- [Exercise prompt] Skipping any pictures, repeat exactly and only the lines from the one that holds "шкафы сухо-тепловые ШСТ" to the last line of the material, both included.

- [The data]
———

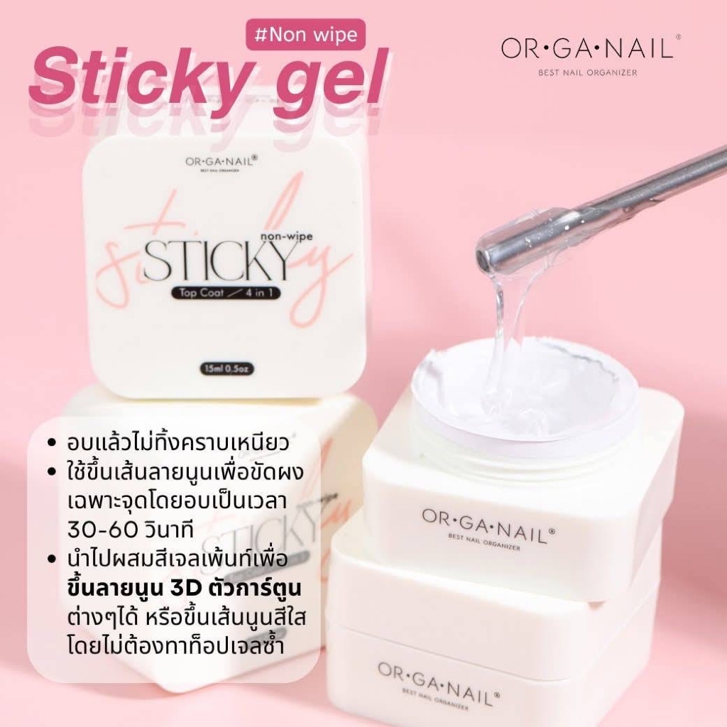 Sticky Top gel ORGANAIL●PITCHA หลายตัวเลือก กระปุก15g./20g./pumping 30g.ท้อปnon wipe อบแล้วขัดผง
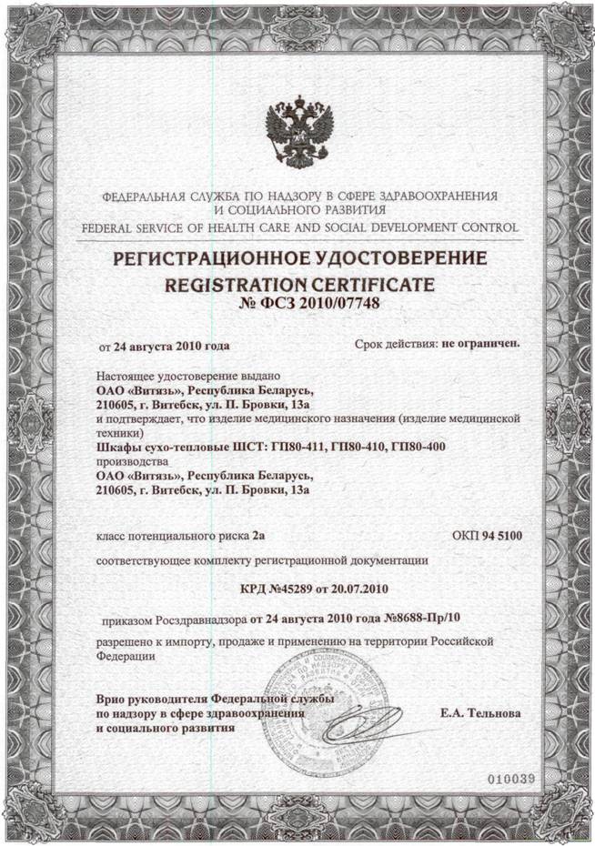 ………… Регистрационное удостоверение на шкафы сухо-тепловые ШСТ
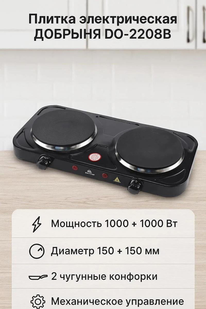 Плита настольная Добрыня DO-2208B (электрическая, чугун, черный) - Интернет-магазин У Гриши: бытовая техника, электроника, товары для дома и др.

———

- [Completed task]
 ………… Регистрационное удостоверение на шкафы сухо-тепловые ШСТ
 Плита настольная Добрыня DO-2208B (электрическая, чугун, черный) - Интернет-магазин У Гриши: бытовая техника, электроника, товары для дома и др.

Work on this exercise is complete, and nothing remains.